The last two are byproducts of plutonium. The United States Department of Energy is sponsoring the work in order to uncover new methods for treating waste from nuclear weapons production in the 1960s and ‘70s.
Shewanella is naturally present in the soil, and can in fact be found at nuclear waste sites such as the Hanford site in the state of Washington, Lower explained.
With better knowledge of the bacterium’s abilities, scientists might one day engineer a Shewanella that would remediate such waste more efficiently.
“For instance, if you could enhance this bacterium’s ability to reduce uranium by having it make more of these key proteins, that could perhaps be one way to clean up these sites that are contaminated,” he said.
The danger at such waste sites is that the toxic metals are soluble, and so can leak into the local water supply. But these bacteria naturally convert the metals into an insoluble form. Though the metals would remain in place, they would be stable solids instead of unstable liquids.
For this study, Lower and his colleagues used an atomic force microscope (AFM) to test how the bacterium responded to the metallic mineral hematite.
An AFM works somewhat like a miniaturized phonograph needle: a tiny tip dangles from a cantilever above a surface that’s being studied. The cantilever measures how much the tip rises and falls as it’s dragged over the surface. It can measure features smaller than a nanometer (billionth of a meter), and detect atomic forces between the probe tip and the surface material.
They combined the AFM with an optical microscope to get a precise map of the bacteria’s location on the hematite.
Though the bacteria are very small -- several hundred thousand of them could fit inside the period at the end of a sentence -- they are still thousands of times bigger than the tip of an AFM probe. So the microscope was able to slide over the surface of individual bacteria to detect protein molecules on the cell surface and in contact with the metal.
The researchers coated their probe tip with antibodies for the protein OmcA, which they suspected Shewanella would use to “breathe” the metal.

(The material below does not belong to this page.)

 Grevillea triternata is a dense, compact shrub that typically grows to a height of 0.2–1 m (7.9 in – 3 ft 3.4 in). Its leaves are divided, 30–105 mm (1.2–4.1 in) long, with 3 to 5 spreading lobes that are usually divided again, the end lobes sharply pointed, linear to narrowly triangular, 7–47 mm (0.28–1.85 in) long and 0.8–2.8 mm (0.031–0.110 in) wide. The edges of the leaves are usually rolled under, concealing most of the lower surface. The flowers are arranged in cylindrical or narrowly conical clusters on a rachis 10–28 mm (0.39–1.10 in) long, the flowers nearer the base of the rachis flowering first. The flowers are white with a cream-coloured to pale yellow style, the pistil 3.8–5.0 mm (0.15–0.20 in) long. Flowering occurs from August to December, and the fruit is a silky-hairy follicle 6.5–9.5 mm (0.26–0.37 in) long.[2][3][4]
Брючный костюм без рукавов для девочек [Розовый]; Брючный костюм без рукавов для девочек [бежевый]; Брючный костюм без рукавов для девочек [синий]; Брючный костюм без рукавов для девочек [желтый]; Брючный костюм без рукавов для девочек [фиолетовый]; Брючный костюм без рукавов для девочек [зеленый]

Whenever the probe slid over an OmcA protein, the antibody coating would stick to the protein. By measuring the tiny increase in force needed to pull the two apart, the researchers could tell where on the bacteria surface the proteins were located.

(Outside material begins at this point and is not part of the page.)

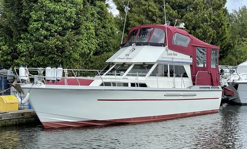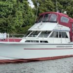 PRINCESS 41 – 1980 – Powered by twin Volvo TAMD63P 370hp (fitted 2005) diesels through shafts – 6 berth accommodation with two toilets and two showers – Specification to include; Bow and stern thrusters, trim tabs, warm air hearting, shore power supply, VHF, autopilot. Full canopy to aft deck and flybridge. Recent hull polish and antifoul! A cavernous Princess flybridge with a very desirable engine set up! Perfect for those looking to do extended cruising!
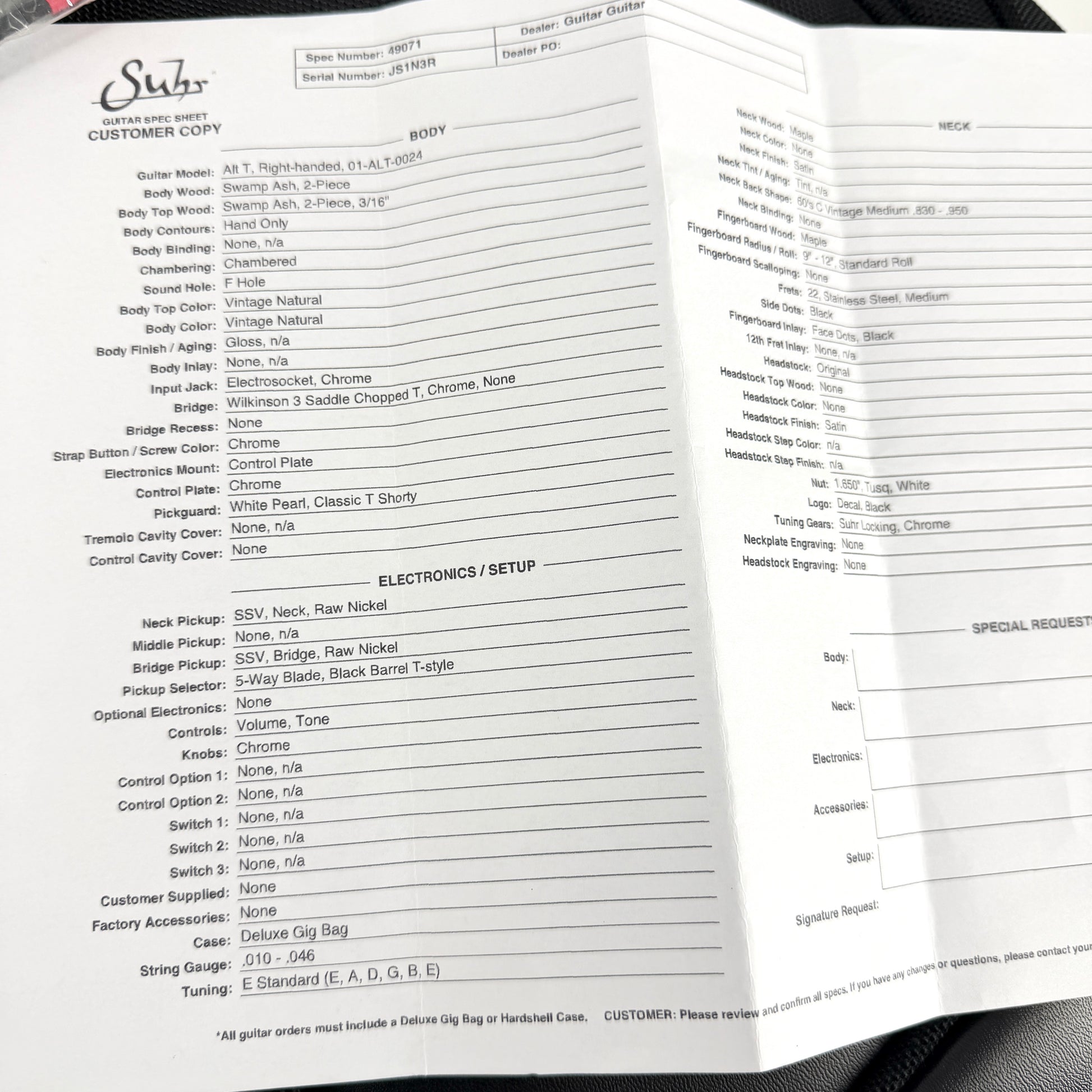 2019 Suhr Alt T - Vintage Natural

The microscope detected OmcA all around the edges of the bacteria, wherever the cell membrane contacted the hematite -- which suggests that the protein does indeed enable the bacteria to “breathe” hematite. The protein was even present in a gelatinous ooze that was seeping from the bacteria. This suggests that Shewanella might create the ooze in order to obtain energy from a wider portion of the metal than it can directly touch, Lower said.

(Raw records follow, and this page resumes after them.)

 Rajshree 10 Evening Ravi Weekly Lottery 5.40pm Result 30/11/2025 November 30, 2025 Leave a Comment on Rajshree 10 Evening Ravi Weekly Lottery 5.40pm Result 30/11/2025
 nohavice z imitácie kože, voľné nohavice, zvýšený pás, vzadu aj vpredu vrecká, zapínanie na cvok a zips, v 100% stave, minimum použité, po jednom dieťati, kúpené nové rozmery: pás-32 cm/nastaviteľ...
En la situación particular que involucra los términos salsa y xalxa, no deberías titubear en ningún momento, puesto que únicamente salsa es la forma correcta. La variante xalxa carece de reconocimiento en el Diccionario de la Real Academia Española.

In the future, he and his partners want to test their new microscope technique on other types of cells. They also want to test whether Shewanella produces OmcA on the cell surface when exposed to uranium and technetium.
Lower’s coauthors on the paper hail from Corning, Inc.; Pacific Northwest National Laboratory; Johannes Kepler University of Linz, Austria; Ecole Polytechnique Fédérale de Lausanne, Switzerland; and Umeå University, Sweden.
Adapted from materials provided by Ohio State University.